第17時限目 水際のお時間 その25
「ところでさ」
「ん?」
都紀子が話を続けるから、立ち上がった私はそのままで疑問符を返した。
「今晩、初日だけど早速肝試しやろうかねー」
「え、早くない?」
もちろん、そりゃあ初日からやったらいけない理由があるわけではないけれど。
「いやいやー、別にそんなことはないんじゃないかなー。ほら、むしろ後に伸ばした方が、いつやるかいつやるかって不安になるだろうしねー」
そう言う都紀子は、絶対にそれだけの理由ではないと確信できるような表情を返してきた。
「……本当にそう思ってる?」
私が呆れて言うと、
「どっかなー?」
と都紀子ははぐらかした。
「まあ、大丈夫さねー。
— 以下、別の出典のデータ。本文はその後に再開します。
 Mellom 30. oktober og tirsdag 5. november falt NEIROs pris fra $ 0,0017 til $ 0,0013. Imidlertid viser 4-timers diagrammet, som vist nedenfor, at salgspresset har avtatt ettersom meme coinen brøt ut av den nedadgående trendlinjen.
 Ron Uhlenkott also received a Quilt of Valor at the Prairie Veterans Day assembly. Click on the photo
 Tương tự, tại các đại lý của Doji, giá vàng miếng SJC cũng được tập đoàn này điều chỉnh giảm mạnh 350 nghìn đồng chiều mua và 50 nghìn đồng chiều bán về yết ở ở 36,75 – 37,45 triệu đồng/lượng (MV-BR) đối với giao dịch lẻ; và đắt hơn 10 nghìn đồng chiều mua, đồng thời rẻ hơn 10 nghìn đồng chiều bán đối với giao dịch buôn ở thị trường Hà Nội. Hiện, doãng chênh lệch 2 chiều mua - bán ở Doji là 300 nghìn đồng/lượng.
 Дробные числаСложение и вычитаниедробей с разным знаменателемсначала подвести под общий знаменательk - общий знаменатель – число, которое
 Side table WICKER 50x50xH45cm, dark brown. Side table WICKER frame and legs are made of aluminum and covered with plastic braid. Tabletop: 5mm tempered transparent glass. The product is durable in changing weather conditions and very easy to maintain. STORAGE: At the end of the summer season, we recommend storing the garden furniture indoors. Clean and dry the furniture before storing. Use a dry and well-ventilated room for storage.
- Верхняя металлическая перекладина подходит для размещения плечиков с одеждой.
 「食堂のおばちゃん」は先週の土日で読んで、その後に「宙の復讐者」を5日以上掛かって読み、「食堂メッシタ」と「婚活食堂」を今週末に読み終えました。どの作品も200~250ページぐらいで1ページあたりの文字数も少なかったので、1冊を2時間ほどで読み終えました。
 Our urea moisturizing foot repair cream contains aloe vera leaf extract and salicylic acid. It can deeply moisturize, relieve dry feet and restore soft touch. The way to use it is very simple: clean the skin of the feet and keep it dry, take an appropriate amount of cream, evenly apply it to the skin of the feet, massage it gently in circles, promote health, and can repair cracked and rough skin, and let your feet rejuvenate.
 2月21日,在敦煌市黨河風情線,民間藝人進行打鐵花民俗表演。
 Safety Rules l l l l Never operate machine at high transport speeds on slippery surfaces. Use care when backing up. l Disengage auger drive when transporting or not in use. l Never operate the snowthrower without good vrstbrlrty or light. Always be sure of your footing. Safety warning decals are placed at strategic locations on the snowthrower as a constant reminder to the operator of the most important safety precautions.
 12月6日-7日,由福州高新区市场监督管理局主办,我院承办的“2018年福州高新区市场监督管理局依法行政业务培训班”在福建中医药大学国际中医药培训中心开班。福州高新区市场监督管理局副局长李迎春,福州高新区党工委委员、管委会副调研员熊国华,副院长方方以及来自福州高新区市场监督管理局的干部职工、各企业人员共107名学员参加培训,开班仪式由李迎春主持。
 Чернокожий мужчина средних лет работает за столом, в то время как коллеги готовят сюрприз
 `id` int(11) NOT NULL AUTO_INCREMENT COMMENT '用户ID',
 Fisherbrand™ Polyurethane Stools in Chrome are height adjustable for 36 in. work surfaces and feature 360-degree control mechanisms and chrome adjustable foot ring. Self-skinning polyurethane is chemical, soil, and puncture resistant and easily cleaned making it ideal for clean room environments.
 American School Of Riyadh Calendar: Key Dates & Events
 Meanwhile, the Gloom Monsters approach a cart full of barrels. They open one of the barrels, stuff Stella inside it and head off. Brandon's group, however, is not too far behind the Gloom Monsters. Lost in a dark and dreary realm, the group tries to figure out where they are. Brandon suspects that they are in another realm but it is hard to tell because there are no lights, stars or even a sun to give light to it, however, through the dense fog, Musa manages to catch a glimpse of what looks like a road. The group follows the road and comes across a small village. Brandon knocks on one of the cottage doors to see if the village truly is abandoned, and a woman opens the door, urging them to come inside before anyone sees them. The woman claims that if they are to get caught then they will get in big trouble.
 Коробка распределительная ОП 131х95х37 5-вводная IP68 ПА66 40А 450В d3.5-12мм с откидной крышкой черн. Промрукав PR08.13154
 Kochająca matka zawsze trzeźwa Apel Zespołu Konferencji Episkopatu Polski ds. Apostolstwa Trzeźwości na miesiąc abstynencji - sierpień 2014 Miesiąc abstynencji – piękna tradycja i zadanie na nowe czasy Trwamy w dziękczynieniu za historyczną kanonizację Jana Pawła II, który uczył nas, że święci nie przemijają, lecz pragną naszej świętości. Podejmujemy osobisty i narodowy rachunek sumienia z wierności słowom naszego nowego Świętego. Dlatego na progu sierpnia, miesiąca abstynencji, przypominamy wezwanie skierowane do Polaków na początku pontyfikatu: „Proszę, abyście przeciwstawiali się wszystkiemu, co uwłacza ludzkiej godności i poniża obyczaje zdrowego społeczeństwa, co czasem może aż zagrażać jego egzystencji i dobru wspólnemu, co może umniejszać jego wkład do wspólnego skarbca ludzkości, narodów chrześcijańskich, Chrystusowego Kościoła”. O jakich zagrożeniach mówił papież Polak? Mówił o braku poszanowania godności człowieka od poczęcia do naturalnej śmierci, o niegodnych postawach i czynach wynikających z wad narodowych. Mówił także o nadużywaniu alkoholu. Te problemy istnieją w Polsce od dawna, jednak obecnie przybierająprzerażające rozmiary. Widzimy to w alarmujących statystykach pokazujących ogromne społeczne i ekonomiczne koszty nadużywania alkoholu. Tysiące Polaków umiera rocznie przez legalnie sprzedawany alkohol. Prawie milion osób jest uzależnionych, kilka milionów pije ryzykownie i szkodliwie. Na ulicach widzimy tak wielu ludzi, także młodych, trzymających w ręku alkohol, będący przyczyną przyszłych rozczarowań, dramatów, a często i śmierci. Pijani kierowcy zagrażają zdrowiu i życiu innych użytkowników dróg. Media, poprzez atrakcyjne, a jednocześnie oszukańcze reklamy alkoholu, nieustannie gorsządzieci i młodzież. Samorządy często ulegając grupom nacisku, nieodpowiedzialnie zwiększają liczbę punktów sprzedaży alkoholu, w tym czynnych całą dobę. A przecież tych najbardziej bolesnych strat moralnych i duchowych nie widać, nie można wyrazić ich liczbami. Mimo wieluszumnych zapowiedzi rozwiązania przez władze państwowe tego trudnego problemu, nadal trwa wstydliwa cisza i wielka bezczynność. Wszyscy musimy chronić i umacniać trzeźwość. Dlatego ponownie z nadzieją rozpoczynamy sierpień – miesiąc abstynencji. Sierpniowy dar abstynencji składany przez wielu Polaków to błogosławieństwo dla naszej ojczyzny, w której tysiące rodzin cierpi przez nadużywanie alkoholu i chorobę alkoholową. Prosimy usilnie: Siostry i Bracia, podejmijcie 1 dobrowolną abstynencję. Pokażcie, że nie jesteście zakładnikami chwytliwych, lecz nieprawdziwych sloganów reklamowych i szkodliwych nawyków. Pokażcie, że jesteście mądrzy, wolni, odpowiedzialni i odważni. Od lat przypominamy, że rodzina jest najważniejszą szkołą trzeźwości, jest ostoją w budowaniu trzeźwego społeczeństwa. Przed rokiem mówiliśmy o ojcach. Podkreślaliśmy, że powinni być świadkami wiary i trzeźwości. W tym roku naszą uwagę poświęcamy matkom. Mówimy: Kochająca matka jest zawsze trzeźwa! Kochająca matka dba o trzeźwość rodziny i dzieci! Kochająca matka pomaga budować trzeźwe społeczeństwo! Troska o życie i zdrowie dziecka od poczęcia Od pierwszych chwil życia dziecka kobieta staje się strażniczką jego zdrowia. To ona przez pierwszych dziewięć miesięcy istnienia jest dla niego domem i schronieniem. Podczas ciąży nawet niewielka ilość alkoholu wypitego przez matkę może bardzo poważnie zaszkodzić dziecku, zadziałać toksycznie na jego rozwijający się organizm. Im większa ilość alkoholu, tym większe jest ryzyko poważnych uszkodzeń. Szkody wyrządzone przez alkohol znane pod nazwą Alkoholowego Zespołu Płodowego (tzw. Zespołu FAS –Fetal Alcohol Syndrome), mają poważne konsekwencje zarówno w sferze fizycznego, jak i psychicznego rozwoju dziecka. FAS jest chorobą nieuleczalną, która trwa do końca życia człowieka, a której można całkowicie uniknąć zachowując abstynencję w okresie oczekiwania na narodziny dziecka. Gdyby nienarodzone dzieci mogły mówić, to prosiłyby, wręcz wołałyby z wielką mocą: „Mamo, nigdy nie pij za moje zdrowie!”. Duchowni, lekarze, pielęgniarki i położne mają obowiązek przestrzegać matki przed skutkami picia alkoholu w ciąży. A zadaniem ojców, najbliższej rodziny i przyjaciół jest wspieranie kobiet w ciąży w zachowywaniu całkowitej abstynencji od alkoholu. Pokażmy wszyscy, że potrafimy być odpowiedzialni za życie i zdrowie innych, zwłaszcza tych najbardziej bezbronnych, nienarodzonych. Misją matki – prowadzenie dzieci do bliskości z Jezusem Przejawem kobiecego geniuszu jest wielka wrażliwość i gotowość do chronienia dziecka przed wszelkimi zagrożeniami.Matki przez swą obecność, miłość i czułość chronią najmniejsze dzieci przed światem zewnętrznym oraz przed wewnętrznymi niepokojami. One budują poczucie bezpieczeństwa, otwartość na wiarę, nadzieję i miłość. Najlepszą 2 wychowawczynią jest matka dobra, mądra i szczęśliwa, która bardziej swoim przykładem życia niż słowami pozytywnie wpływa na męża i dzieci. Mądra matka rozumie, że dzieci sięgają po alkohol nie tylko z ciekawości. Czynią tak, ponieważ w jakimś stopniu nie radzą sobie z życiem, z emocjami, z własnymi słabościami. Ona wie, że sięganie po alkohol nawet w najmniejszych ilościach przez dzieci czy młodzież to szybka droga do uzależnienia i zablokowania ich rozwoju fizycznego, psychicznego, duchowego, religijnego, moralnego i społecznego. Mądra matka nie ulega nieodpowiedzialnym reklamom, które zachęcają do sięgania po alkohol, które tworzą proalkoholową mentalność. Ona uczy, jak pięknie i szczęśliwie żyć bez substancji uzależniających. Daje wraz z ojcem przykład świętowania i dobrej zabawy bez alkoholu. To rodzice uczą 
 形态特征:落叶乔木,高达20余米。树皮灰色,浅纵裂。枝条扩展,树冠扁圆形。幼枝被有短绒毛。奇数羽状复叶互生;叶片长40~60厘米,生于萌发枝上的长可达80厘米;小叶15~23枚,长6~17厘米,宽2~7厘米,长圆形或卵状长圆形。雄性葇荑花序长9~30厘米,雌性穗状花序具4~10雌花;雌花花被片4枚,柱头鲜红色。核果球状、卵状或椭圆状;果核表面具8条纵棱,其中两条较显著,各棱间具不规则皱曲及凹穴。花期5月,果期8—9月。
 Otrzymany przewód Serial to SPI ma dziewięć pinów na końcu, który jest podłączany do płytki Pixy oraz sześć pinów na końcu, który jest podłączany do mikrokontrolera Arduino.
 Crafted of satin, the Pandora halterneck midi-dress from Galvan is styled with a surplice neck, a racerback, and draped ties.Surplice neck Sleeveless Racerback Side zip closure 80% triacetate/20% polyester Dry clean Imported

大して怖くないやつだからさー」
「本当に?」
「多分ねー」
あまり幽霊は信じていないとはいえ、初めてみゃーちゃんがぬっと出てきたときみたいなびっくり系にはそんなに強いわけではないから、正直肝試しをやりたいという気持ちは1ミリも湧いてこないのだけれど、夏の風物詩といえば確かにそうだとは思う。
「あ、戻ってきたねー」
でもなあ……みたいなことを考えていたら、確かに真帆たちが駆け足で戻ってくるのが見えた。
「ほい、お待たせ。日焼け止め」
「ありがとう」
そう言って、真帆が差し出した日焼け止めを受け取ろうとしたら、
「ってか、背中とかも塗らなきゃいけないし、渡すよりもあたしが塗った方が早いか。紀子は都紀子にやったげて」
と言いつつ、引っ込められた。
え? と思っている内にチューブから日焼け止めを出し、正木さんにチューブを渡すと、真帆は容赦なく私の体全体を撫でるように塗り始める。
「ちょ、ちょっとっ」
「今更恥ずかしがる仲でもないでしょ」
色々あって「そりゃそうだけど」とは言えないんだけどね!
家にお呼ばれ……というか弟くんたちの面倒を見に行ったときにも思ったけれど、真帆って結構お母さんモードというか『面倒見るよスイッチ』が入ったときは有無も言わさずに淡々と作業をするから、拒絶しがたいと言うか、多分歯医者さんで「痛かったら手を挙げてね」と言われて素直に挙げたのに「もうちょっとだから我慢してね」と言われる感じになりそうって思うんだよね。
で、私がそこまで真帆の侵攻を止めたい理由。
「ちょ、そ、そこは自分でするからぁ!」
水着で隠れていない部分だけではなく、水着の際……というかぶっちゃけていうと水着の中まで手を入れてくるから、正直に言ってかなり焦る。
むしろそこがなければ、別に友達同士での戯れで済ませようと思っていたのだけれど、禁断のエリアに当たり前のように不法侵入するから、個人的には裁判なしの有罪判決としたいところ。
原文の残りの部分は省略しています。